Prospects and limitations of transition-metal dichalcogenide laser gain materials

TL;DR

This paper investigates the potential of transition-metal dichalcogenide monolayers as laser gain materials, highlighting their high efficiency and the limitations imposed by band-structure changes at high excitation levels.

Contribution

It provides microscopic gain calculations for TMD monolayers, revealing the effects of carrier-induced band-structure renormalizations on laser feasibility.

Findings

High quantum efficiency of TMD monolayers as gain materials

Band-structure renormalization causes a direct-to-indirect band-gap transition

Gain rollover limits the excitation regime for lasing

Abstract

Nanolasers operate with a minimal amount of active material and low losses.

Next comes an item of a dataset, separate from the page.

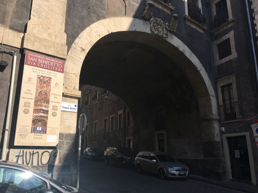 The reconstruction at the end of the 17th century determined the incorporation of the actual small abbey, through the construction of the archway in 1704 by the Benedictines. As time went by, the Arch way became the symbol of the city as well as the entrance gate to the entire street.

In this regime, single layers of transition-metal dichalcogenides (TMDs) are being investigated as next generation gain materials due to their high quantum efficiency. We provide results from microscopic gain calculations of highly excited TMD monolayers and specify requirements to achieve lasing with four commonly used TMD semiconductors. Our approach includes band-structure renormalizations due to excited carriers that trigger a direct-to-indirect band-gap transition. As a consequence, we predict a rollover for the gain that limits the excitation regime where laser operation is possible. A parametrization of the peak gain is provided that is used in combination with a rate-equation theory to discuss consequences for experimentally accessible laser characteristics.